The final ASU does not require separate disclosure of the potential withdrawal liability, but requires that multiemployers continue to follow the loss contingency guidance, FASB ASC (Accounting Standards Codification) 450, for any withdrawal liability that is probable or reasonably possible of being incurred. Notwithstanding, the board has a fiduciary duty to keep an eye on the withdrawal liability estimate every year and exercise due diligence in making the decision whether or not the Association should withdraw from NIPF. Otherwise the board could end up being penny wise and pound foolish, especially if State Parkway’s withdrawal liability crosses either the $100K or $150K threshold as demonstrated in paragraph that follows the table below.
Why is this disclosure important? Well, for starters, one of State Parkway’s multiemployer pension plans, the one for union doorstaff, the S.E.I.U. National Industry Pension Fund (NIPF) (Plan 001 for Doorstaff, Employer Identification Number: 52-6148540), according to its Form 5500 filing with the United States Department of Labor, dated October 14, 2016, is currently in critical status because a funding deficiency was projected in the Funding Standard Account within three years. (Funded percentage for the 2015, 2014 and 2013 Plan Years were 73.2%, 76.9% and 80.8%, respectively.) The rehabilitation plan calls for a supplemental surcharge at $.406 to $.469 per hour (over and above the base $.65/hour). This means the association is paying approximately an additional $4K each year to make up for past funding/investment income shortfalls.
But employers like State Parkway have options. One option is to remain in NIPF – and pay base contribution ($.65) plus Supplemental Contribution ($.409 to $.469) for a total of $1.06 to $1.12/hour. Or withdraw from NIPF, pay withdrawal liability that is due, and go into the 401(k) savings plan (hourly contribution $.65).

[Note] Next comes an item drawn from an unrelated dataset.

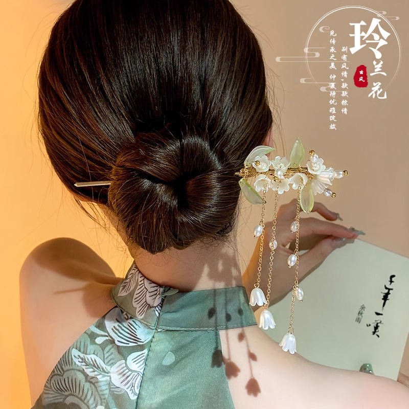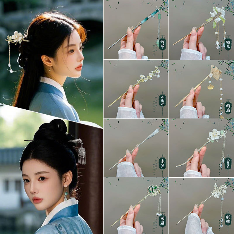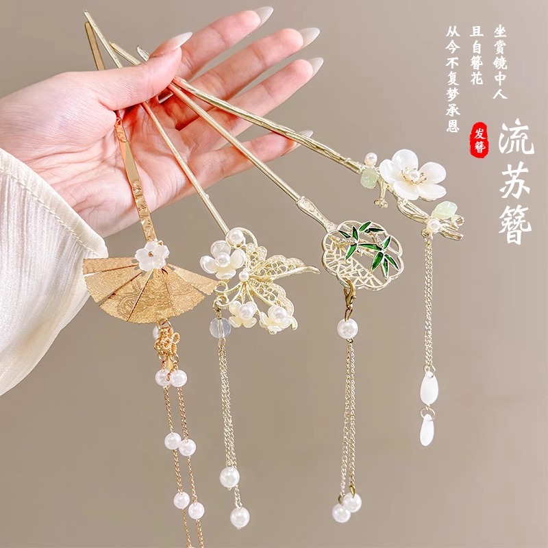 发簪古风檀木簪高级感手工流苏发钗盘发簪子新中式汉服精致发饰女

Below is a table showing the number of employers that withdrew from the plan during the preceding plan year, and their aggregate and average withdrawal liabilities as reported on NIPF’s Schedule R (Form 5500):
Year Number of Employers Aggregate Liability Average Liability
2015 9 $6,412,421 $712,491.22
2014 105 $13,784,673 $131,282.60
2013 11 $7,613,966 $692,178.73
2012 20 $8,327,538 $416,376.90
2011 13 $15,188,367 $1,168,335.92
2010 3 $3,386,005 $1,128,668.33
2009 8 $1,830,115 $228,764.38
The ParkShore Condominium Association, a condominium high rise in Chicago’s lakefront, which was built in 1991 and has a doorstaff budget similar to State Parkway’s, elected on December 1, 2013, to withdraw from the NIPF as it pertains to doorstaff and eventually recorded a total withdrawal liability of $187,509. State Parkway was built more than several decades earlier than ParkShore, and its lead doorman celebrated his 35th anniversary at State Parkway last May.
State Parkway’s board, at the November 7, 2016, board of directors’ meeting, made the decision not to withdraw from NIPF and switch to a 401(k) savings plan. However, this appears to have been done without the board obtaining an estimate of State Parkway’s withdrawal liability. If the withdrawal liability is less than $100K, the association is squandering a $50K deductible, not to mention exposing the association to significantly higher underfunding risks. It only costs the association $750 to obtain a withdrawal liability estimate.
I will continue to follow the Association’s withdrawal liability for doorstaff pensions with interest. Other State Parkway unit owners and prospective buyers should do the same.